Ark Invest CEO Cathie Wood made a name for herself by delivering robust returns for investors over the years. She focused on innovative growth companies that are disrupting both existing and emerging markets. While many of the stocks her funds favor have seen serious declines over the past year -- and such stocks may not be ideal for every investor -- those who have a long-term investment time horizon and the appropriate aptitude for risk tolerance can find an abundance of compelling stock picks among the lot. 

Today, I'm going to talk about two of Cathie Wood's most widely held stocks that the market has seriously discounted over the past year but which still possess strong underlying businesses that can sustain durable growth. If you have $1,000 to invest in stocks right now, here's why you may want to take a second look at powerhouse companies Zoom (ZM 0.83%) and Shopify (SHOP 0.28%).

1. Zoom 

Zoom is currently the top holding in Cathie Wood's flagship fund, ARKK Innovation ETF, with a portfolio weighting of 9%. The company may not be the favored investment that it was in the earlier days of the pandemic, but its key footprint within the multibillion-dollar video conferencing software market isn't something that investors should ignore. 

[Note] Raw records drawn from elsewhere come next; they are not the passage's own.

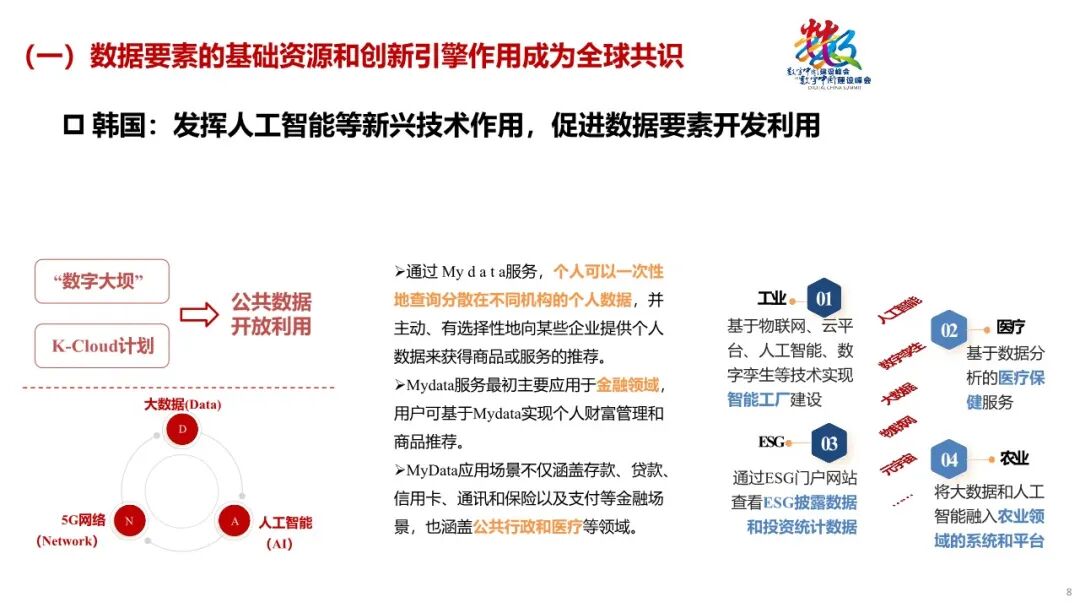 首先,报告总结了美欧日韩各国的数据要素发展情况。主要做法包括:鼓励政府数据开发利用、鼓励市场主体应用创新、加快布局数据基础设施、鼓励数据可信流通、重视发挥人工智能等新兴技术对于数据要素和数字经济的带动作用。这些国际经验对我国数据要素制度建设具有借鉴和参考意义。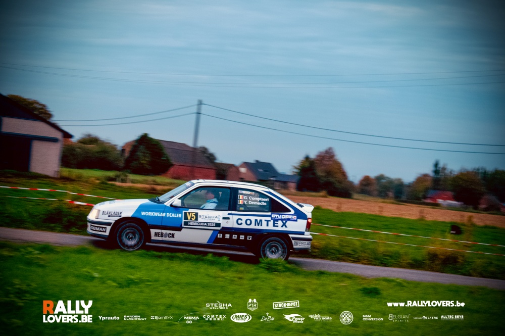 COMTEX WERKKLEDIJ opent rallywedstrijden als veiligheidswagen met een Opel Kadett GSI 16V.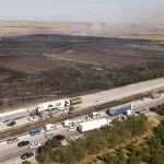 Yangının olduğu bölgede 8 otomobil, 3 tır ve 1 kamyonun karıştığı zincirleme trafik kazası meydana geldi.

In the most recent quarter, Zoom reported revenue of $1.1 billion, a 7% increase on a currency-neutral basis from the year-ago period. The company also generated net income of $48 million for the period, which is a solid level of profitability. However, it represented a decrease on a year-over-year comparison.  

Digging deeper into the numbers, enterprise clients are driving the lion's share of growth for the business. In fact, Zoom's enterprise client revenue of $614 million comprised more than half of the company's total quarterly revenue and represented a notable increase of 20% from the year-ago period. Meanwhile, its cohort of high-spending customers contributing more than $100,000 in trailing-12-month revenue shot up 31% year over year. Zoom also generated free cash flow in the amount of $273 million in the quarter.  

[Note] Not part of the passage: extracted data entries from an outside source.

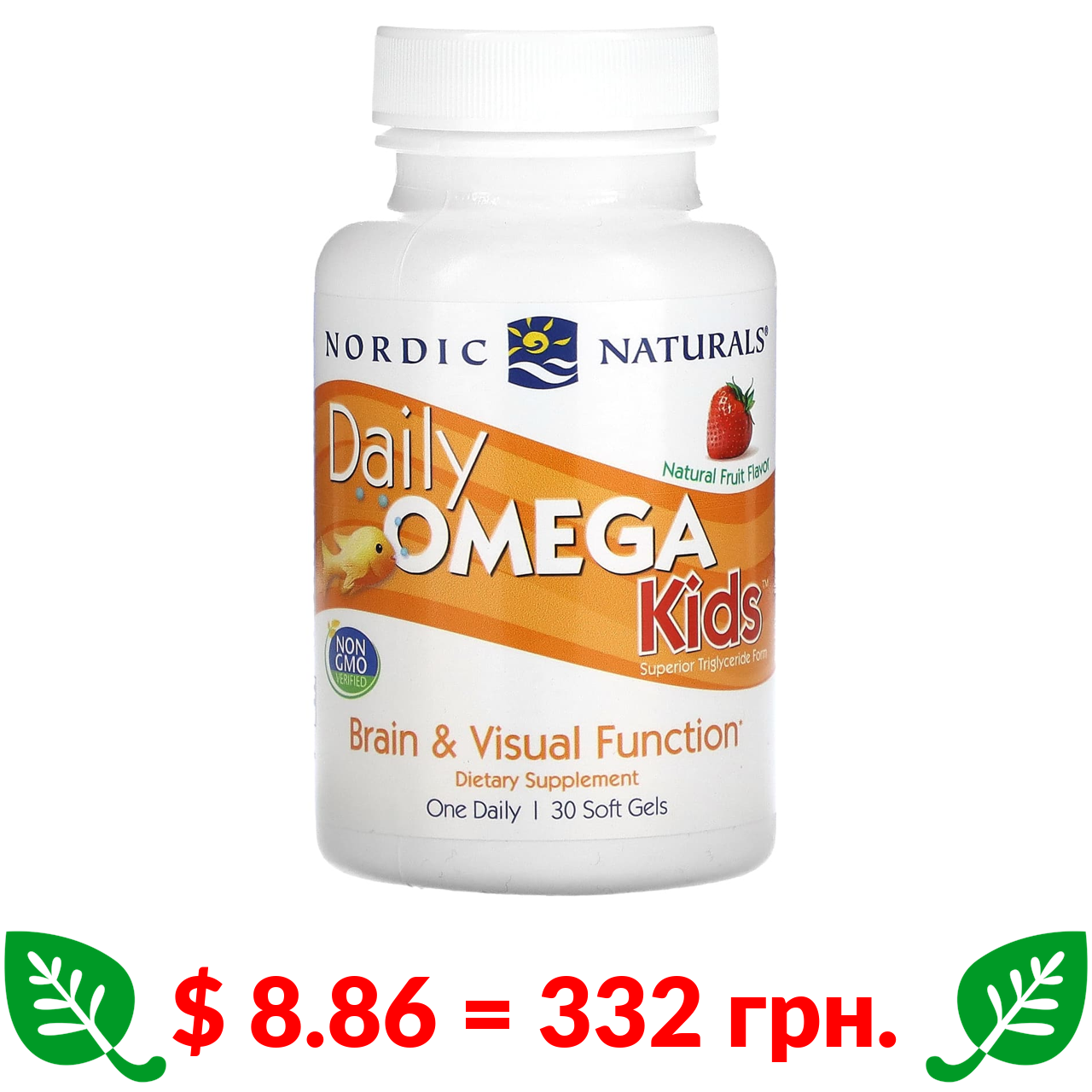 $ 8.86 = 332 грн. Nordic Naturals, омега для дітей, для щоденного вживання, зі смаком натуральних фруктів, 340 мг, 30 капсул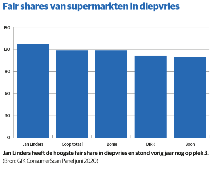 De groei in diepvries ziet er goed in, maar zet die door? Te meer omdat de vaak dubbele groeicijfers deels aan corona zijn te koppelen. ‘Zeker bij de stijging dit voorjaar’, besluit Van den Berk. ‘Die groei kwam mede uit meer kopers van diepvries oftewel een hogere penetratie.’ Hij laat er een rekensommetje op los om dit in perspectief te plaatsen. ‘Als de penetratie met 5 procentpunten stijgt, ofwel 400.000 huishoudens extra, zoals in aardappelproducten, dan stappen er grote groepen nieuwe consumenten in. Je ziet dit soort groei ook terug in de hogere marktaandelen van groentespeciaalzaken, bakkers en slagers.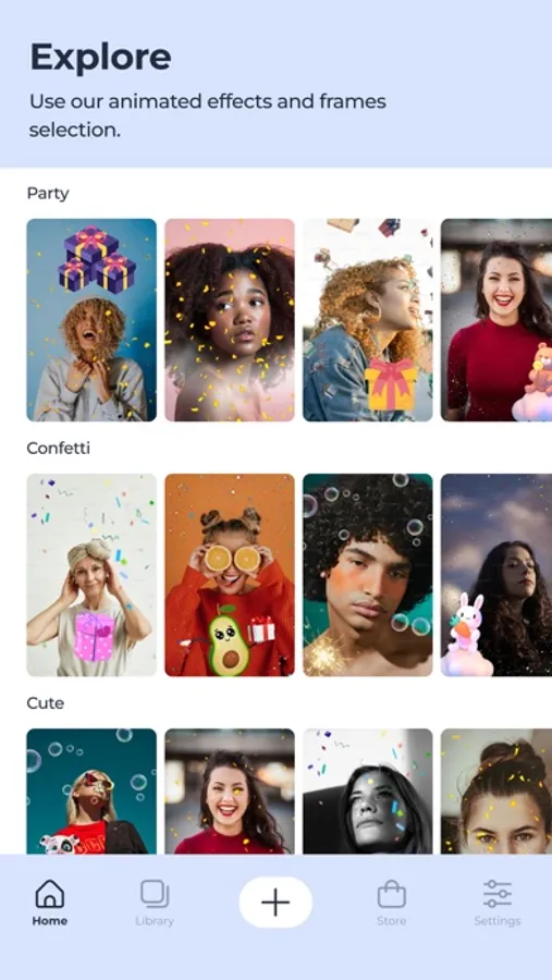 Special effects: Bring your photos to life with sparkling animations, floating confetti, and magical effects.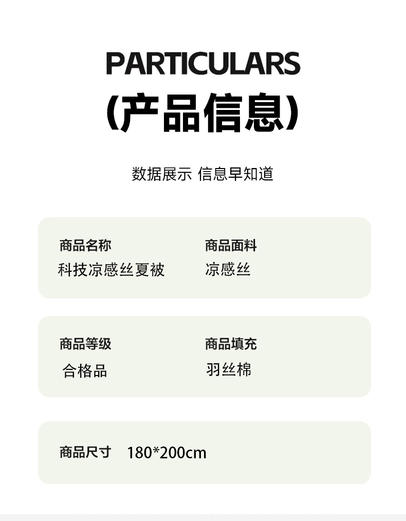规格:180*200cm 面料:凉感丝 填充:羽丝棉 克重:1300g

It's a great sign that larger businesses across a variety of sectors are continuing to adopt Zoom on a broad scale, and this is driving its business growth forward even in this challenging environment. As the need for quality conferencing software and the accompanying solutions Zoom offers to connect distributed teams continue to grow, the company is well positioned to deliver to those needs.

The company also continues to upgrade its offerings, with one of the most recent being its omnichannel customer service solution, Zoom Contact Center, which it launched earlier in 2022. This segment alone faces a total addressable market opportunity that could reach $165 billion by the year 2030. All of these factors can prove to be notable tailwinds for the stock's future growth and for its shareholders. 

A $1,000 investment in the tech stock at its current share price would add approximately 15 shares to your portfolio. 

2. Shopify 

Shopify is the seventh largest holding in Cathie Wood's ARK ETF, with a portfolio weighting just shy of 5%.  The e-commerce giant has seen shares sell off in past months as growth has decelerated on a pandemic comparison, and it has gone from profitability to reporting generally accepted accounting principles (GAAP) net losses in recent quarters. 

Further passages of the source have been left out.